## [Work required]
Beginning at the line containing "Schwarze Spitze, Stickereien, Samt, drapierte", repeat each line below exactly up to and including the line containing "- Nástavce 12-hranné". Do not repeat the pictures.

## [Supplied records]
+++
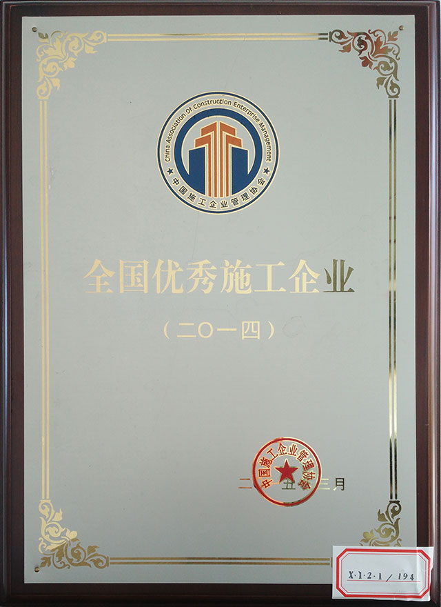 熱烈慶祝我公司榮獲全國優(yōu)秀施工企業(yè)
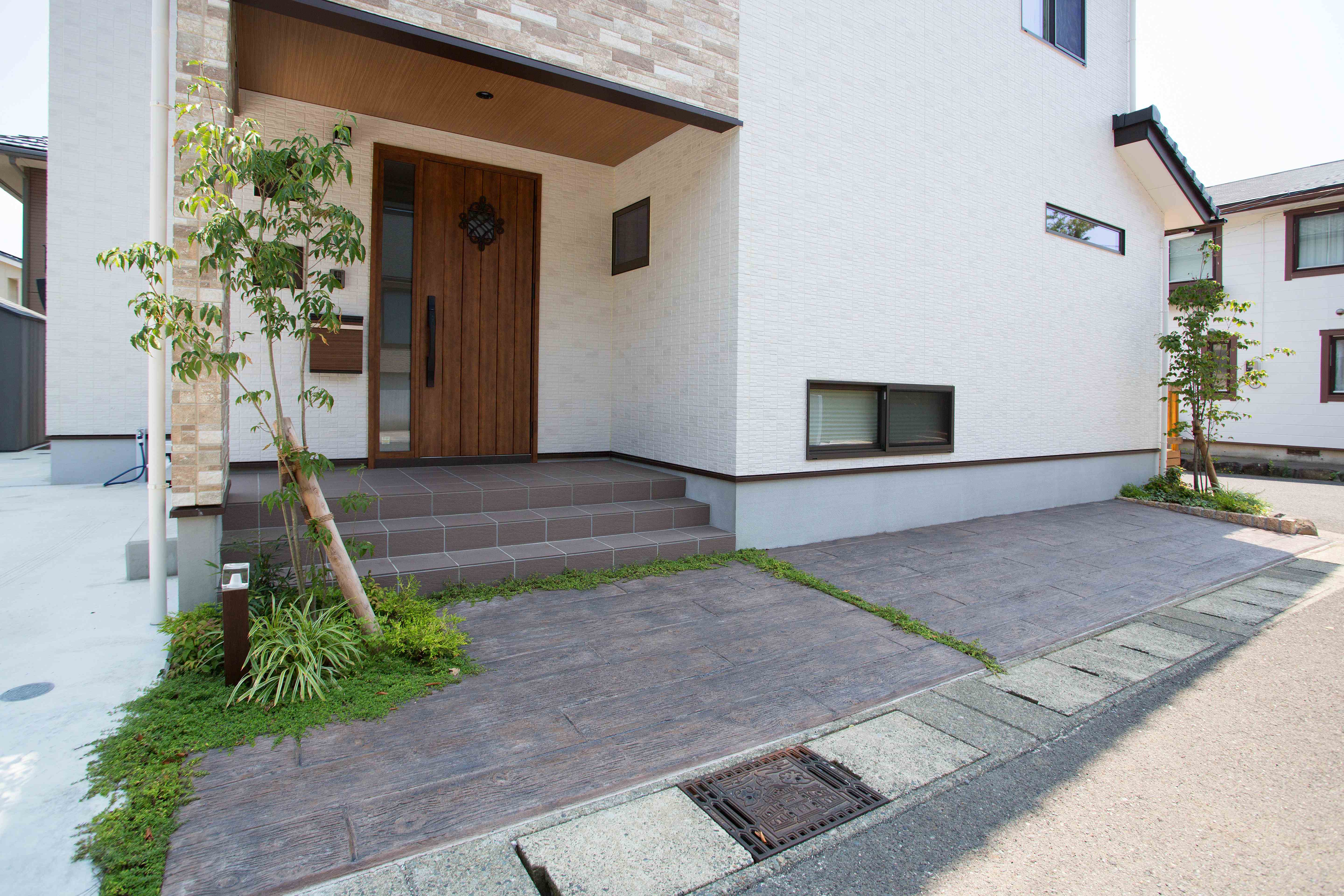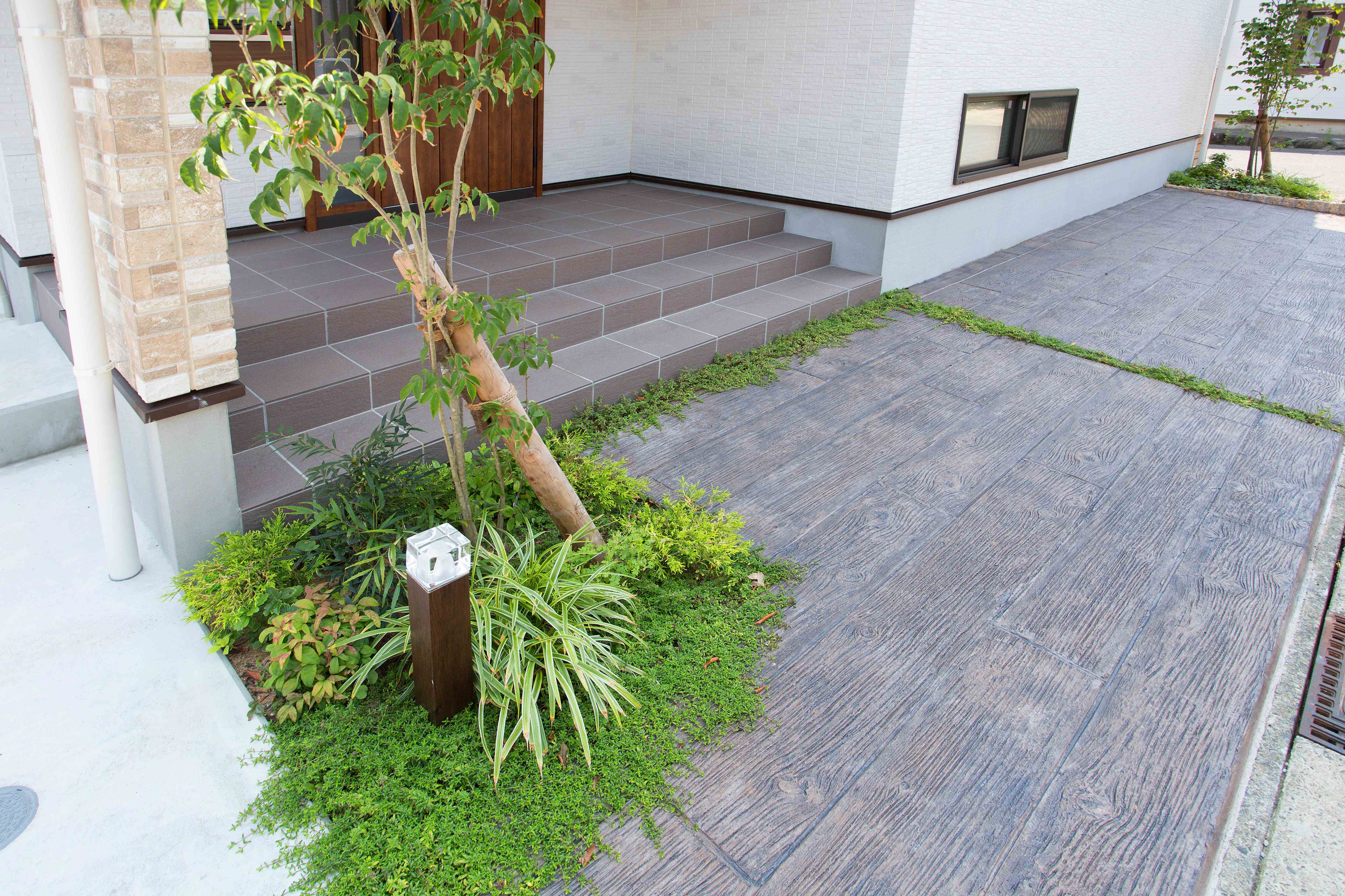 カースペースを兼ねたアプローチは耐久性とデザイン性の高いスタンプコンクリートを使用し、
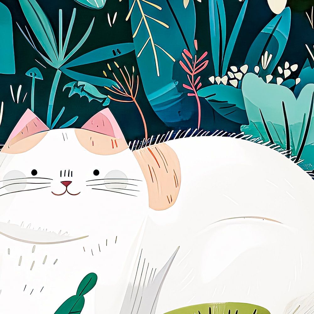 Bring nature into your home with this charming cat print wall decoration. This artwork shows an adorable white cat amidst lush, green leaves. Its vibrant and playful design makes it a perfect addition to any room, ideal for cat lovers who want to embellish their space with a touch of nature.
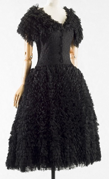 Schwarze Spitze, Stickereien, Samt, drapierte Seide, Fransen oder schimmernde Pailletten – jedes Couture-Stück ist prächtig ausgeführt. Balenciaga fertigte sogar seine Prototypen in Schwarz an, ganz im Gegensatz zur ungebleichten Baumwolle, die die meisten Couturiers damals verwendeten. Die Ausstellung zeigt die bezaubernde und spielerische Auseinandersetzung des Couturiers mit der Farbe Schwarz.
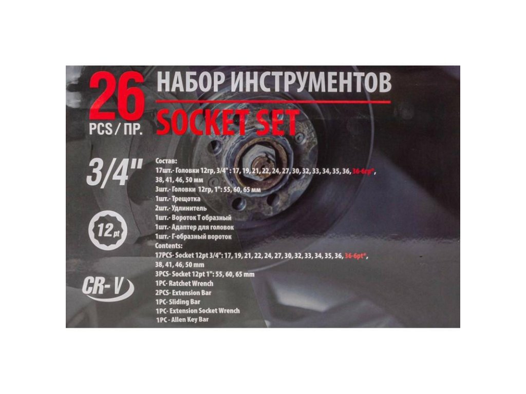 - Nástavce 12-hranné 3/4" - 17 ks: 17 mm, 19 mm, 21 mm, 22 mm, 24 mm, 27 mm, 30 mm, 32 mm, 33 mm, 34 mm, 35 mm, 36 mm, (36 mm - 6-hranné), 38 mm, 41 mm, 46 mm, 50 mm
+++
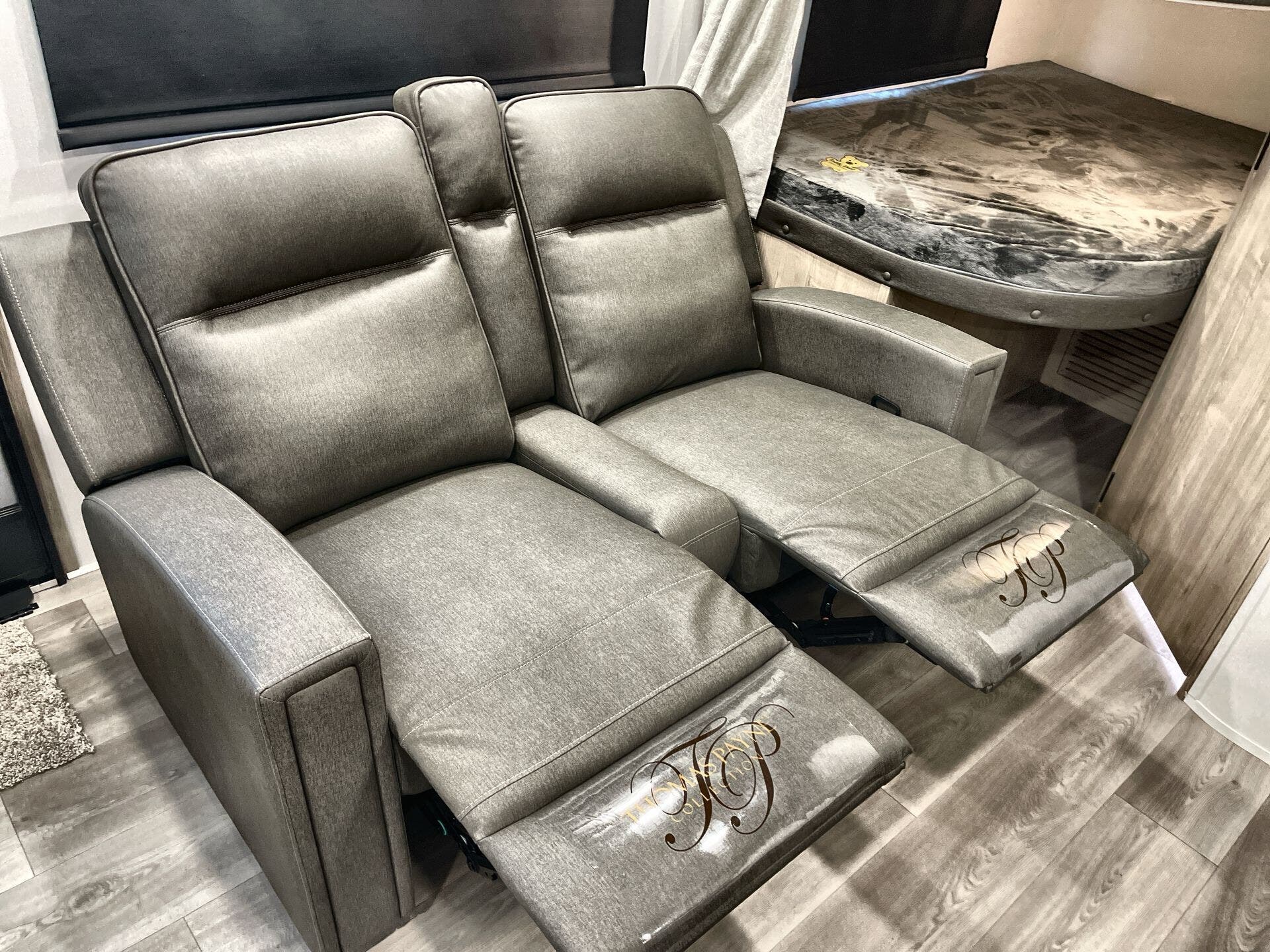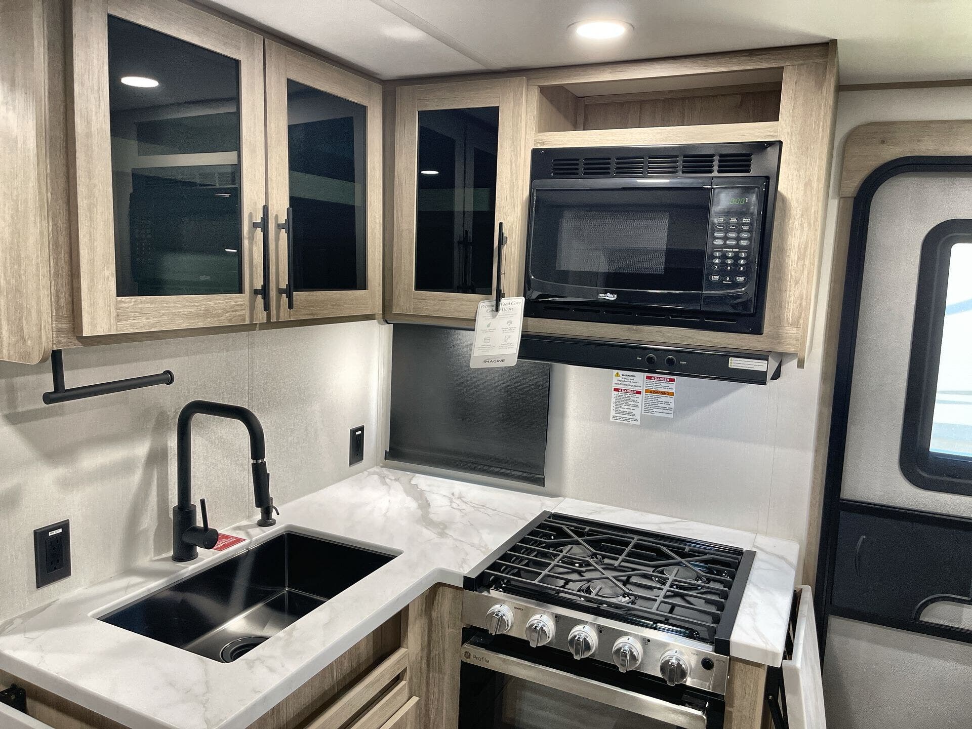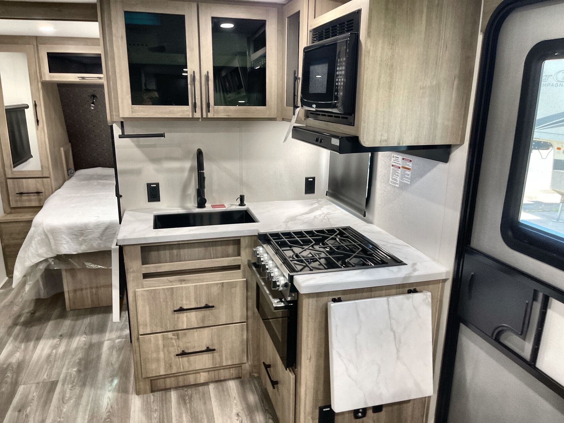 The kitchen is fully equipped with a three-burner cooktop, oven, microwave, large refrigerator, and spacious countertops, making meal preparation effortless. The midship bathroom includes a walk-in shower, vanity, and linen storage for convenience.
+++
## [Answer for the task]
 Schwarze Spitze, Stickereien, Samt, drapierte Seide, Fransen oder schimmernde Pailletten – jedes Couture-Stück ist prächtig ausgeführt. Balenciaga fertigte sogar seine Prototypen in Schwarz an, ganz im Gegensatz zur ungebleichten Baumwolle, die die meisten Couturiers damals verwendeten. Die Ausstellung zeigt die bezaubernde und spielerische Auseinandersetzung des Couturiers mit der Farbe Schwarz.
 - Nástavce 12-hranné 3/4" - 17 ks: 17 mm, 19 mm, 21 mm, 22 mm, 24 mm, 27 mm, 30 mm, 32 mm, 33 mm, 34 mm, 35 mm, 36 mm, (36 mm - 6-hranné), 38 mm, 41 mm, 46 mm, 50 mm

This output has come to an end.